简体繁体 English

顺序学习以进行语言翻译，看不见的单词怎么办

[英]sequence to sequence learning for language translation, what about unseen words

原文 2017-10-26 19:44:48 3 1 machine-learning/ tensorflow/ nlp/ recurrent-neural-network/ pytorch

sequence to sequence learning is a powerful mechanism for language translation, especially using it locally in a context specific case. 序列到序列学习是一种强大的语言翻译机制，尤其是在特定情况下在本地使用它。
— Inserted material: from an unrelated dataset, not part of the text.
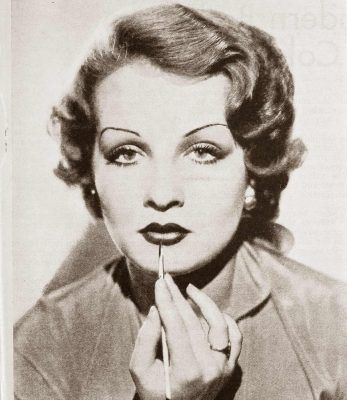 Se dan a conocer las primeras "estrellas de la gran pantalla", y con ellas el nuevo ideal de belleza. La figura recta de los años 20´s queda atrás y se empieza a marcar la figura natural del cuerpo; melenas medias y rubias, cejas muy delgadas y arqueadas, y labios rojos.

I am following this pytorch tutorial for the task. 我正在按照这个pytorch教程完成任务。

However, the tutorial did not split the data into training and testing. 但是，本教程并未将数据分为训练和测试。 You might think its not a big deal, just split it up, use one chunk for training and the other for testing. 您可能会认为这没什么大不了的，只是将其拆分，使用一块进行训练，另一块进行测试。 But it is not that simple. 但这不是那么简单。

Essentially, the tutorial creates the indices of the seen words while leading the dataset. 本质上，本教程在引导数据集时会创建可见单词的索引。 The indices are simply stored in the dictionary. 索引仅存储在字典中。 This is before going to the encoder RNN, just a simple conversion kind of task from words to the numbers. 这是去编码器RNN之前的工作，它只是一种简单的转换任务，即从单词到数字。

If data is split up at random, what happens is, one of the keyword may not appear in the sentences from the training set, and so may not have an index at all. 如果将数据随机拆分，则会发生的情况是，其中一个关键字可能不会出现在训练集中的句子中，因此可能根本没有索引。 If it shows up at the time of testing, what should be done? 如果在测试时显示出来，该怎么办？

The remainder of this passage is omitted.